→ RAW DATA
------

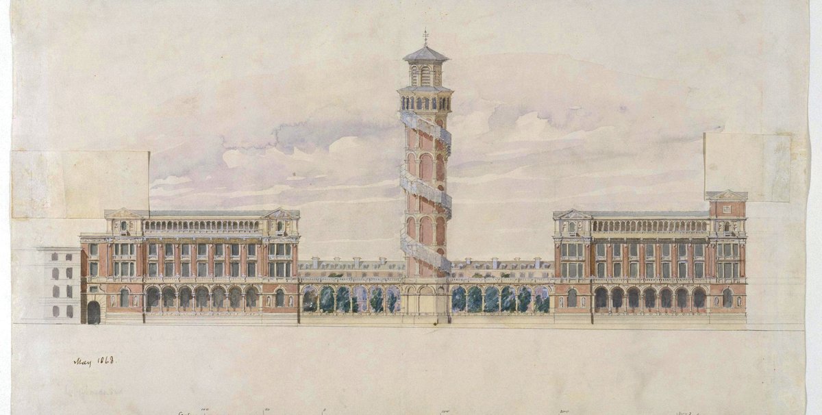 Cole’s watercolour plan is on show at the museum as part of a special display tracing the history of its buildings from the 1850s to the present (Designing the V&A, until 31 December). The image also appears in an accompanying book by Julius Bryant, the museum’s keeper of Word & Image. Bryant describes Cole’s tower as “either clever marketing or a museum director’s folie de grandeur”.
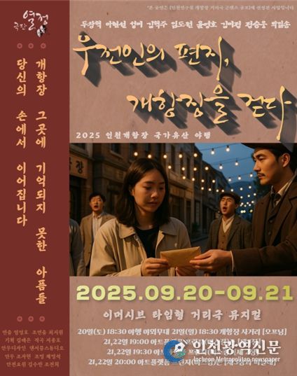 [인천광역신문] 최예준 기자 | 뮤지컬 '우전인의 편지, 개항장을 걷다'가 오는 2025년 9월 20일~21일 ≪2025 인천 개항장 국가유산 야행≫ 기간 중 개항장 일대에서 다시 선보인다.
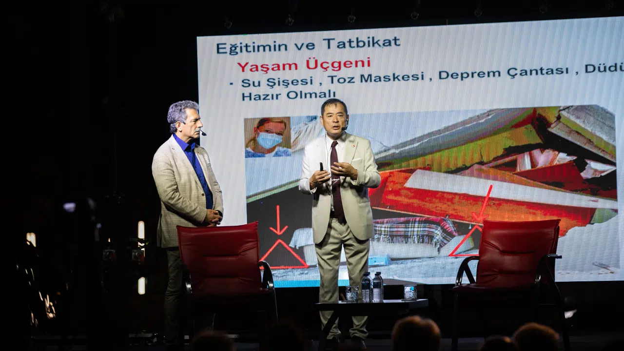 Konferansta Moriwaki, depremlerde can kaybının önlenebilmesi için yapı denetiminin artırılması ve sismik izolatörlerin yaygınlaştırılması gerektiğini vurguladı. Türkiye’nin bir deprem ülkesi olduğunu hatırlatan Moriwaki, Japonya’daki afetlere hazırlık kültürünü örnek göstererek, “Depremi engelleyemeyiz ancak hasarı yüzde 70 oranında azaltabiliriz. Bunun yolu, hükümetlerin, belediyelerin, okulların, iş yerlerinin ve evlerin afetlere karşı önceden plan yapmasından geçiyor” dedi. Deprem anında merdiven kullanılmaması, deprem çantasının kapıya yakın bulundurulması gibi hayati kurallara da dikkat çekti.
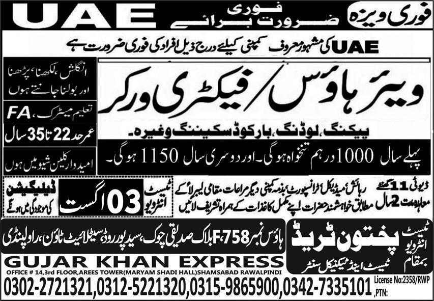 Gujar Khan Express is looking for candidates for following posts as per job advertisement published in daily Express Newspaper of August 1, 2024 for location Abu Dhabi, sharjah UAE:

------

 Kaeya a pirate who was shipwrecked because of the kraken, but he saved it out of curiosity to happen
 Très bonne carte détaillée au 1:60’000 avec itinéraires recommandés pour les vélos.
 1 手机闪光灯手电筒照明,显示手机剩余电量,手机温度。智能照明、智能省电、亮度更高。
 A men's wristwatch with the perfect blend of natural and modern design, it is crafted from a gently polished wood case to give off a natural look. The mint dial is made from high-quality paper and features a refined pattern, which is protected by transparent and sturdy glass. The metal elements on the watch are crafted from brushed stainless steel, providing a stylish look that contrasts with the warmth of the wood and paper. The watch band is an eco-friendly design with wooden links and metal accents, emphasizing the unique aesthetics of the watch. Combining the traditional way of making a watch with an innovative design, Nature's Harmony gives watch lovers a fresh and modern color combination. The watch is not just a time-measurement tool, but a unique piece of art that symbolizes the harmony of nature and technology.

------

→ EXERCISE GOAL
In the listing above, find the line with "[인천광역신문] 최예준 기자" and the line with "Gujar Khan Express". Transcribe those two and everything between, exactly, leaving out pictures.

→ RESULT FOR THIS TASK
 [인천광역신문] 최예준 기자 | 뮤지컬 '우전인의 편지, 개항장을 걷다'가 오는 2025년 9월 20일~21일 ≪2025 인천 개항장 국가유산 야행≫ 기간 중 개항장 일대에서 다시 선보인다.
 Konferansta Moriwaki, depremlerde can kaybının önlenebilmesi için yapı denetiminin artırılması ve sismik izolatörlerin yaygınlaştırılması gerektiğini vurguladı. Türkiye’nin bir deprem ülkesi olduğunu hatırlatan Moriwaki, Japonya’daki afetlere hazırlık kültürünü örnek göstererek, “Depremi engelleyemeyiz ancak hasarı yüzde 70 oranında azaltabiliriz. Bunun yolu, hükümetlerin, belediyelerin, okulların, iş yerlerinin ve evlerin afetlere karşı önceden plan yapmasından geçiyor” dedi. Deprem anında merdiven kullanılmaması, deprem çantasının kapıya yakın bulundurulması gibi hayati kurallara da dikkat çekti.
 Gujar Khan Express is looking for candidates for following posts as per job advertisement published in daily Express Newspaper of August 1, 2024 for location Abu Dhabi, sharjah UAE:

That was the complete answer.